Ressources Solidaires : Le mois de l’ESS se tient en ce moment. Quel regard portez vous sur l’économie sociale et solidaire ? Comment se traduit il dans vos pratiques ?

Franck Calderini : C’est une économie extrêmement dynamique basée sur des valeurs humaines et le réinvestissement de sa valeur ajoutée dans ses moyens de production. Elle exige de nous à la fois d’agir dans un cadre de valeurs déterminées, d’ouverture, de respect, d’autonomie, en les appliquant autant envers nos salariés que dans nos actions pour autrui. L’ESS cherche au travers du meilleur usage de ses moyens à maximiser son impact sur son environnement et ses missions. Ainsi chez Coallia, les salariés ont édifié un corpus précisant nos valeurs, nos moyens pour agir et les attitudes que nous devons pratiquer dans notre quotidien entre nous et envers les personnes que nous accompagnons, civisme, sincérité, fermeté, ouverture notamment. Notre vocation non lucrative se traduit par des ambitions d’utilité sociale fortes, un usage prudent de nos moyens et des modes de gestion modernes et professionnels. Nous sommes bien des entrepreneurs sociaux.

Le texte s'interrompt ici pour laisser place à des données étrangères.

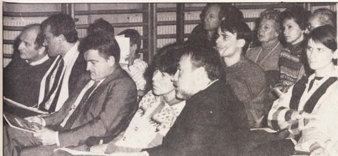
Nad 500 obiskovalcev je prisostvovalo koncertu in podijski diskusiji v Mladinskem domu.

BUDIMPEŠTA. Po zadnji seji madžarske vlade je pravosodni minister dejal, da načrt zakona o združevanju omogoča posameznikom, pravnim osebam in drugim organom, da ustanovijo družbene organizacije in politične stranke. Dodal je, da bo z morebitnim sprejetjem dokumenta parlament na decemberskem zasedanju tako rekoč sprejel možnost uveljavitve večstrankarskega sistema. Če bo parlament to reformo sprejel, je treba z uvedbo računati leta 1990.
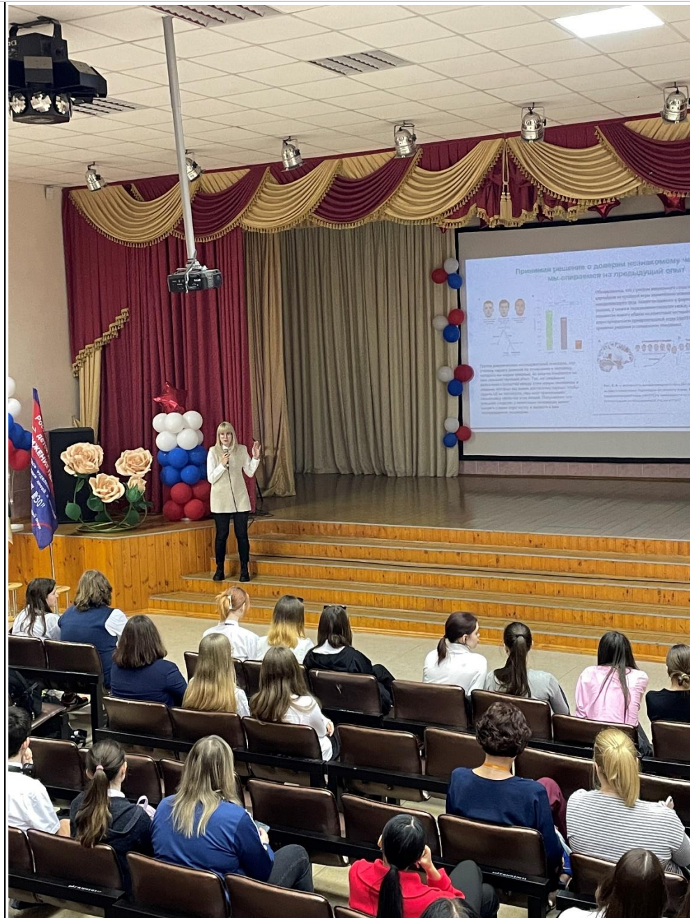
6 Мастер-класс для школьников «Новая эра ВКонтакте»
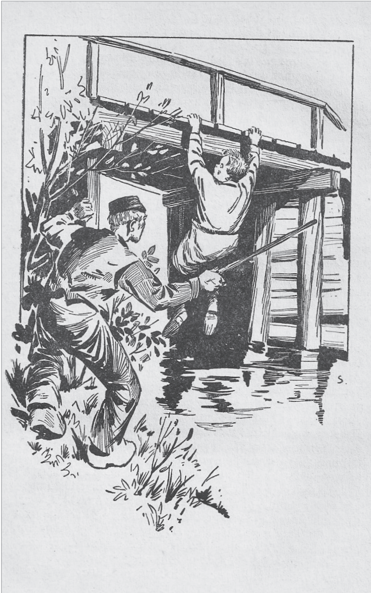
Illustratie van Sierk Schröder voor: W.G. van de Hulst, Jaap Holm en z'n vrienden , uitg. Callenbach, 17e druk, 1958
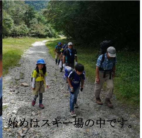
始めはスキー場の中す。
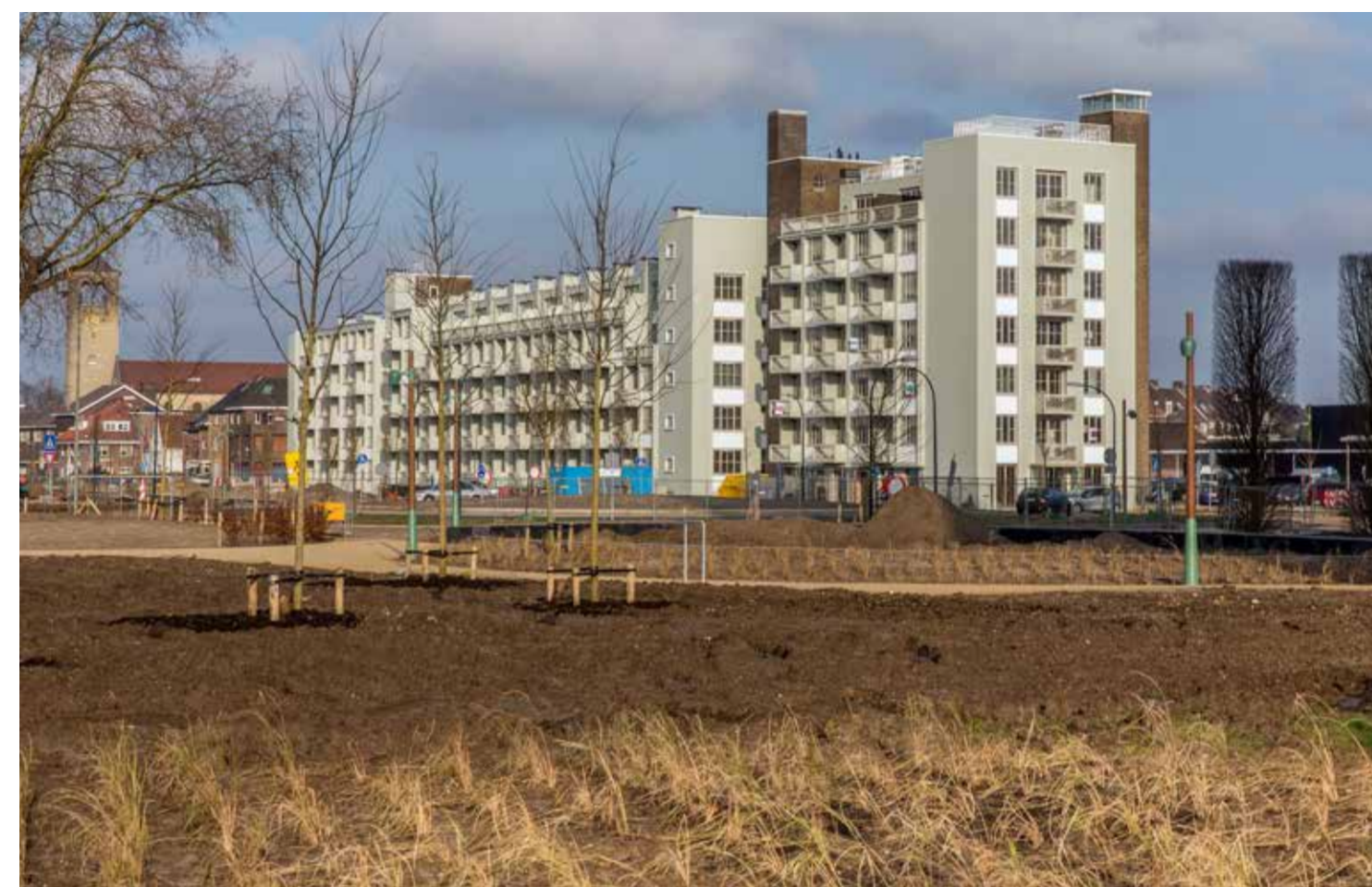
De reuzenpilaren bij de Voltastraat en Scharnerweg zijn iconische elementen, bedoeld om het gebied een eigen smoel en identiteit te geven (2017).
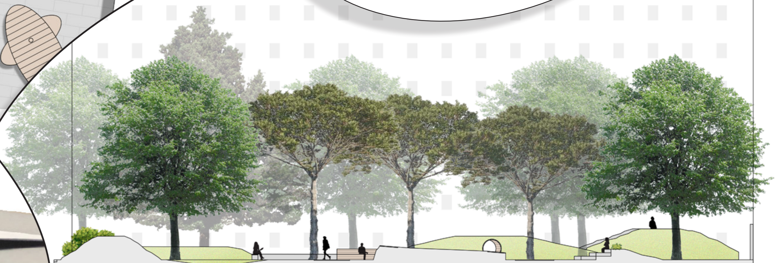
Schnittansicht A-A' M 1:200
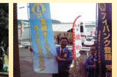
10月22日。マスジユにてクラブ献血活動
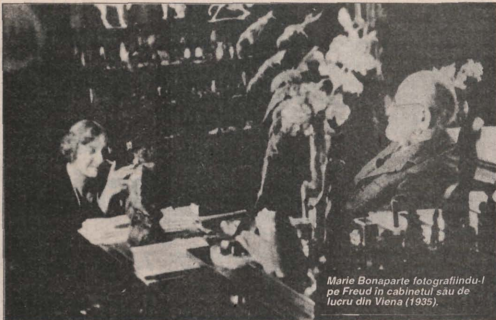
Marie Bonaparte fotografiindu-l pe Freud în cabinetul său de lucru din Viena (1935).

naliștii nu s-au purtat mai bine, Jacques Lacan criticînd "prestigiul său social" și denumind-o "bucătăreasă" și "cadavru ionescian". De altfel, Marie Bonaparte a trebuit să facă față unei ostilități "de principiu": nu era bărbat și nici medic, ceea ce, în perioada interbelică, era greu de "iertat", dar care, se pare, l-a sedus pe Freud.
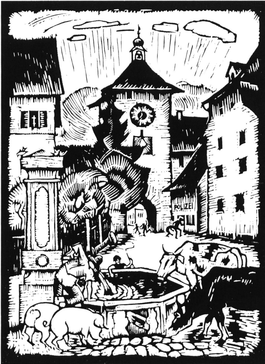
Laufen Obertor mit Vorstadt- Brunnen. Links am Rand das alte Feningerspital. Der Brunnen besteht heute nicht mehr. Holzschnitt von August Cueni.

hunderts die Gründung der Stadt Laufen erfolgte, wurde gegenüber dem «Dorff zu Loffen ennet der Birs» ein Gebiet aus dem Dinghof ausgesondert und z. T. verselbständigt. Talkirche St. Martin, Dinghof und Stadt Laufen sind untrennbar mit der wechselvollen Geschichte des Laufentals verbunden.

Ressources Solidaires : L’accueil des réfugiés est un sujet sensible en Europe et en France en particulier. Quel message avez vous envie de passer en tant qu’acteur social ?

Franck Calderini : Je m’en suis exprimé auprès du personnel de Coallia. Les réfugiés sont des familles, hommes, femmes et enfants jetés sur les routes par la barbarie, qui ont tout abandonné pour sauver leur vie. Des chefs de familles prennent des risques insensés pour mettre les leurs en sécurité. Ils restent pour la plupart coincés entre deux frontières devant l’angoisse que leur afflux provoque. Ils se heurtent à nos propres difficultés d’intégration. Notre défit est considérable. Leur trouver une voie est de notre devoir. Nous devons réinventer notre modèle français dans un monde ouvert sans abandonner ce qui fait de nous un exemple. Liberté, égalité, fraternité et indivisibilité de la République.